*Directions for this task*:
Set out word for word the line that contains "Thông báo đổi giá sản phẩm Malloca 2021" and each line after it, through the end of the data below, but exclude the pictures.

*Given records*:
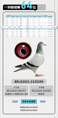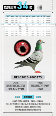 成鸽4003羽34位:BELG2020-2065175。父:BELG2019-2146111【阿曼多】×【仟翼】。母:BELG2014-3157495卡琳娜为纯盖比·凡得那比。BELG2020-2065175曾荣获2021年利蒙治Ⅱ一岁鸽9218羽199位;2021年沙布利斯省赛3574羽19位,空距458公里,分速1736.59米/分
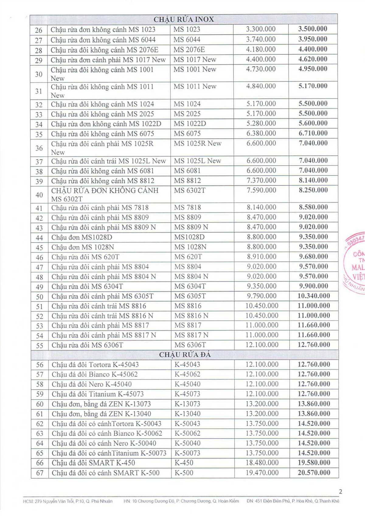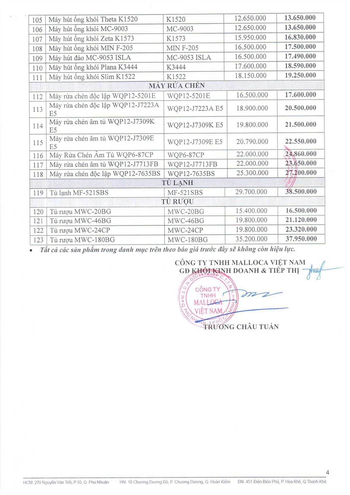 Thông báo đổi giá sản phẩm Malloca 2021
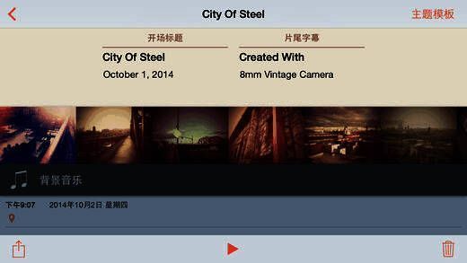 4、新功能:快速编辑,能轻松编辑8毫米录制的视频,输出专业水平的完整影片。提供5种复古风格的主题模板,包括极简主义、古典(免费),默片、倒计时和炫光(内购)。
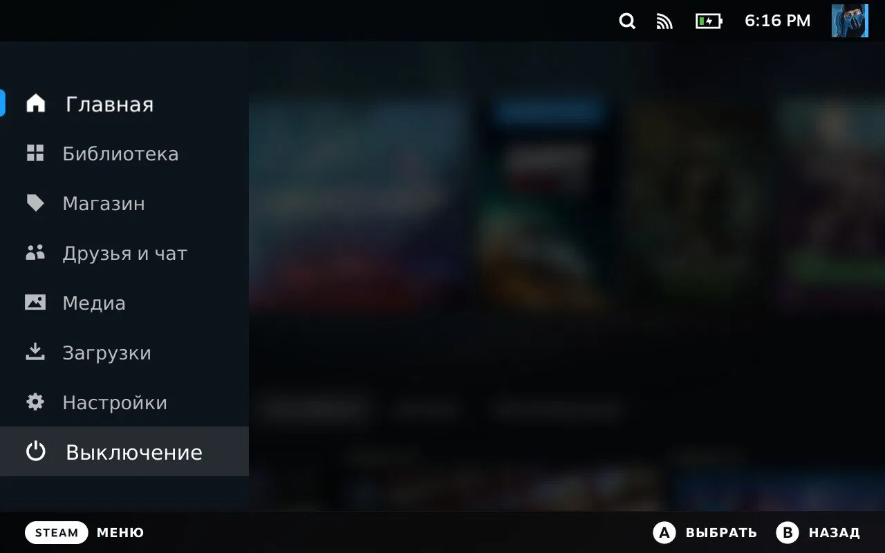 - Нажмите кнопку Steam и выберите пункт Выключение.
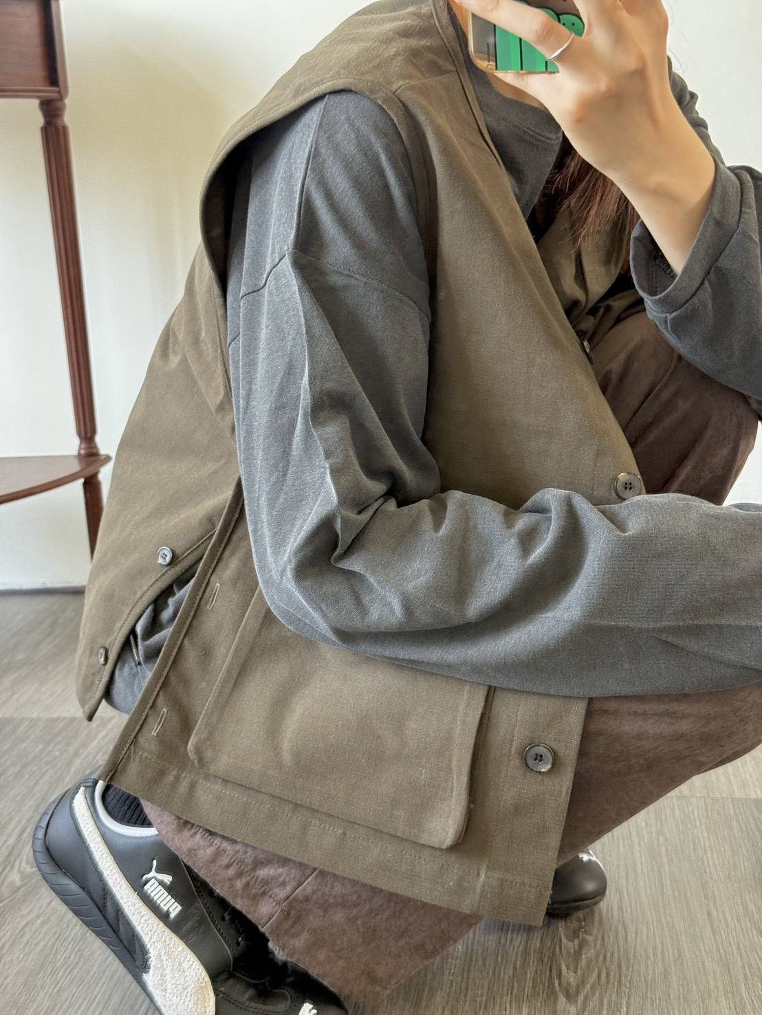 - 商品介紹:非常挺版的質料但不厚重,穿上它會顯得很有精神~~ 雙側邊皆有開口紐扣設計,可以根據身型、風格不同而調整,內側可以搭配小可愛或是長袖上衣也都很適合✨✨
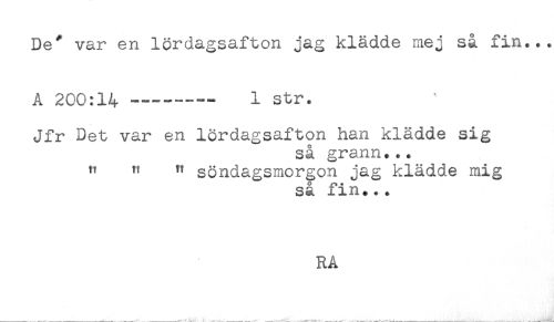 //// De* var en lördagsafton jag klädde mej så fin... //// A 200:14 —--- 1 str. //// Jfr Det var en lördagsafton han klädde sig //// så grann... //// " " " söndagsmorgon jag klädde mig //// så fin... //// RA ////

*Solution to this exercise*:
 Thông báo đổi giá sản phẩm Malloca 2021
 4、新功能:快速编辑,能轻松编辑8毫米录制的视频,输出专业水平的完整影片。提供5种复古风格的主题模板,包括极简主义、古典(免费),默片、倒计时和炫光(内购)。
 - Нажмите кнопку Steam и выберите пункт Выключение.
 - 商品介紹:非常挺版的質料但不厚重,穿上它會顯得很有精神~~ 雙側邊皆有開口紐扣設計,可以根據身型、風格不同而調整,內側可以搭配小可愛或是長袖上衣也都很適合✨✨
 //// De* var en lördagsafton jag klädde mej så fin... //// A 200:14 —--- 1 str. //// Jfr Det var en lördagsafton han klädde sig //// så grann... //// " " " söndagsmorgon jag klädde mig //// så fin... //// RA ////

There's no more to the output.